─── DATA RECORDS
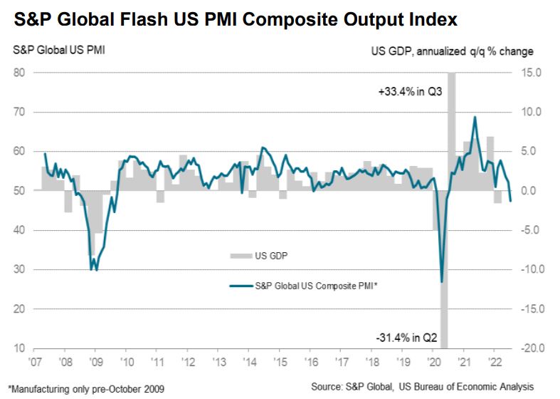 标普全球的报告显示,7月,美国综合PMI初值下滑4.8点至47.5,跌破50荣枯线,为2020年5月以来最低。指数高于50意味着行业处于扩张,低于50则意味着萎缩。
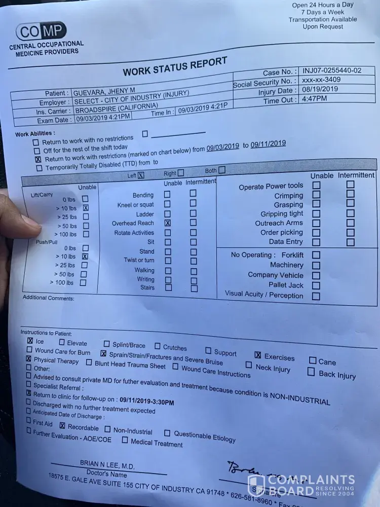 On August 19 I became having a burning pain in my back, I let a week pass by and the pain was severe . On August 26 I went to the office on 17700 Castleton st Unit 200 City Of Industry, CA 91748 United States . They send me to a doctors ! Which did nothing! Next thing you know I'm laid off work . Aug 28 they called me to go for modified duty to a non...
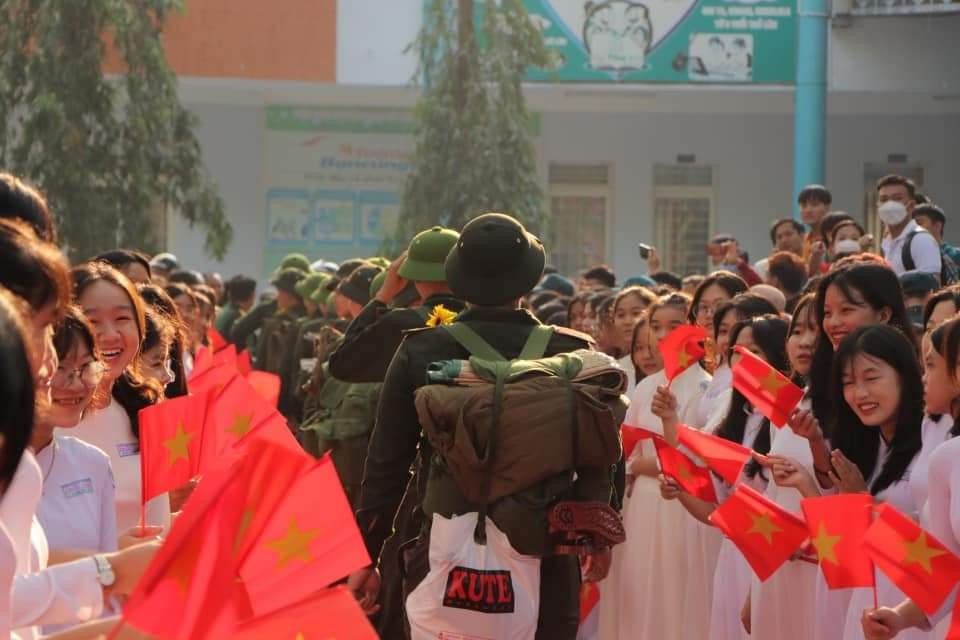 Tân binh hăng hái lên đường nhập ngũ.
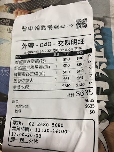 Read more20210602更 口味一樣好吃,但是價錢變好貴,沒辦法常吃,燒肉好像縮水變少了😭 —- 店面小、價格偏貴,餐點份量偏少,但好吃。 大推薦ー鮮蝦雲吞(餛飩):滿滿新鮮的內餡,蝦肉一體,看不到完整蝦,但這樣更費工、更好吃!且很大顆,乾撈麵給4顆(不愛蝦仁的女友都說讚)。 大推薦ー燒肉:很香很入味的五香紅麴燒肉,單點份量給蠻多的。 大推薦ー撈麵=很細細的麵,還不錯吃。 普通ー炸排骨:中規中矩,但也有一定水準,還不錯吃,份量比燒肉少(還有骨頭)。 其它普通小吃店水準:豆干、燙青菜、皮蛋豆腐。
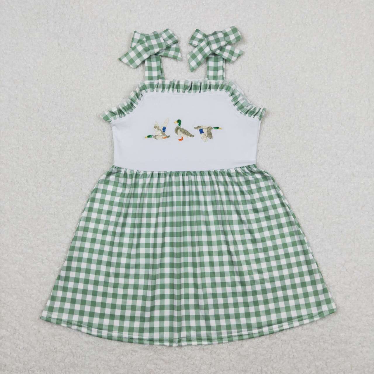 GSD0839 Duck Embroidery Green Plaid Print Girls Summer Knee Length Strap Dress
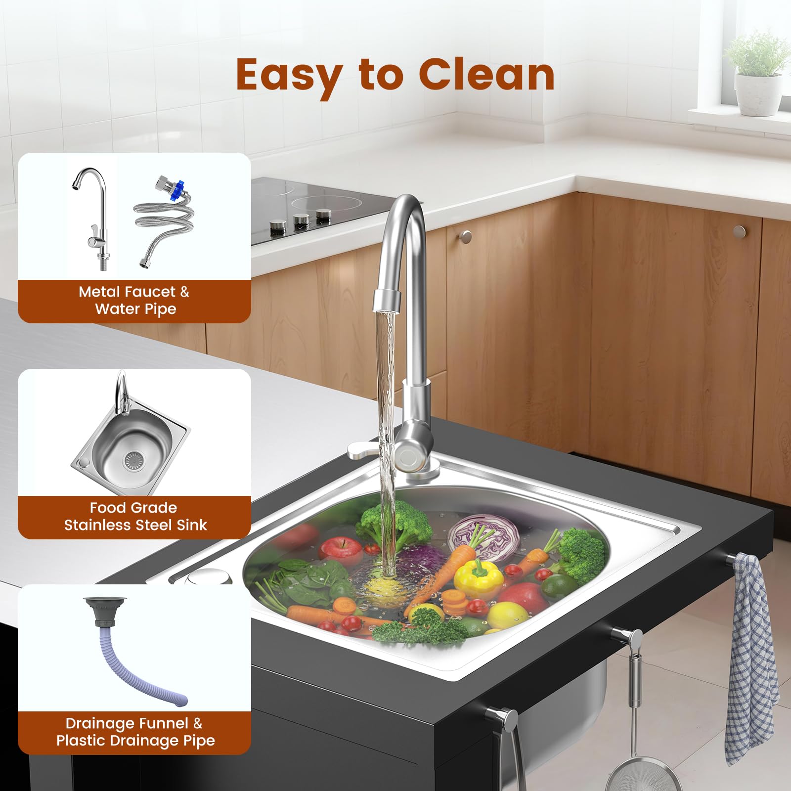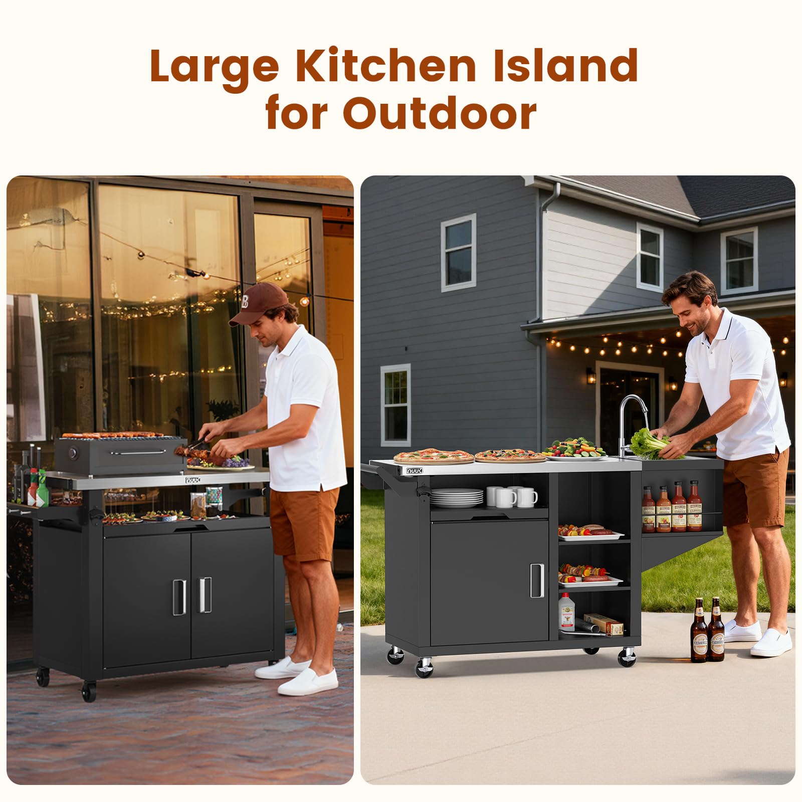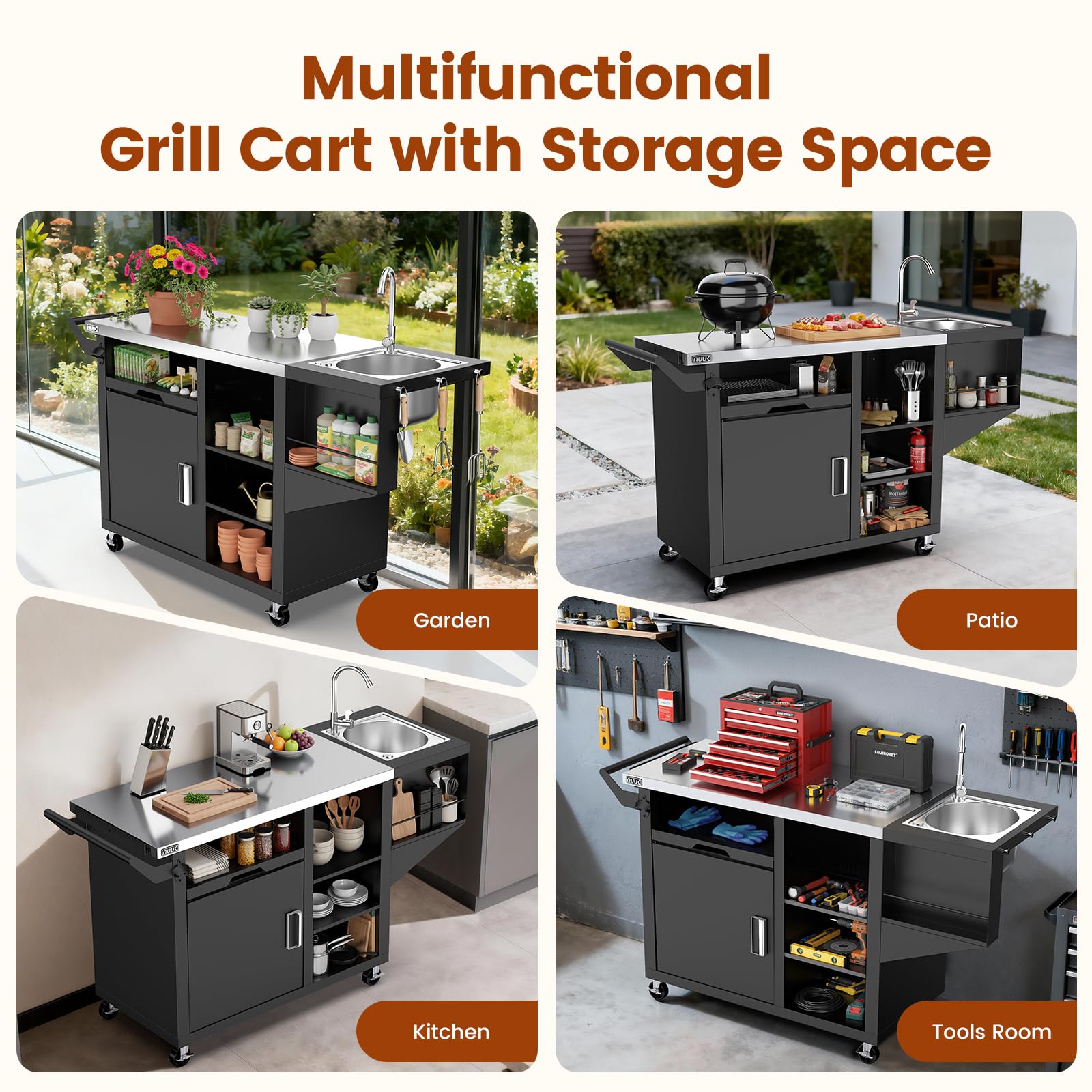 More Than Just a Grill Table Station - This isn't just for grilling. It's a complete outdoor workstation. It includes a faucet, a food-safe stainless steel sink, a drainage system, a bottle opener, and other handy accessories. Use it outside, in your garage, or even as extra storage and counter space indoors.
──────
EXERCISE REQUIREMENTS
I'd like the material above repeated exactly, with the pictures omitted.

FINISHED EXERCISE
 标普全球的报告显示,7月,美国综合PMI初值下滑4.8点至47.5,跌破50荣枯线,为2020年5月以来最低。指数高于50意味着行业处于扩张,低于50则意味着萎缩。
 On August 19 I became having a burning pain in my back, I let a week pass by and the pain was severe . On August 26 I went to the office on 17700 Castleton st Unit 200 City Of Industry, CA 91748 United States . They send me to a doctors ! Which did nothing! Next thing you know I'm laid off work . Aug 28 they called me to go for modified duty to a non...
 Tân binh hăng hái lên đường nhập ngũ.
 Read more20210602更 口味一樣好吃,但是價錢變好貴,沒辦法常吃,燒肉好像縮水變少了😭 —- 店面小、價格偏貴,餐點份量偏少,但好吃。 大推薦ー鮮蝦雲吞(餛飩):滿滿新鮮的內餡,蝦肉一體,看不到完整蝦,但這樣更費工、更好吃!且很大顆,乾撈麵給4顆(不愛蝦仁的女友都說讚)。 大推薦ー燒肉:很香很入味的五香紅麴燒肉,單點份量給蠻多的。 大推薦ー撈麵=很細細的麵,還不錯吃。 普通ー炸排骨:中規中矩,但也有一定水準,還不錯吃,份量比燒肉少(還有骨頭)。 其它普通小吃店水準:豆干、燙青菜、皮蛋豆腐。
 GSD0839 Duck Embroidery Green Plaid Print Girls Summer Knee Length Strap Dress
 More Than Just a Grill Table Station - This isn't just for grilling. It's a complete outdoor workstation. It includes a faucet, a food-safe stainless steel sink, a drainage system, a bottle opener, and other handy accessories. Use it outside, in your garage, or even as extra storage and counter space indoors.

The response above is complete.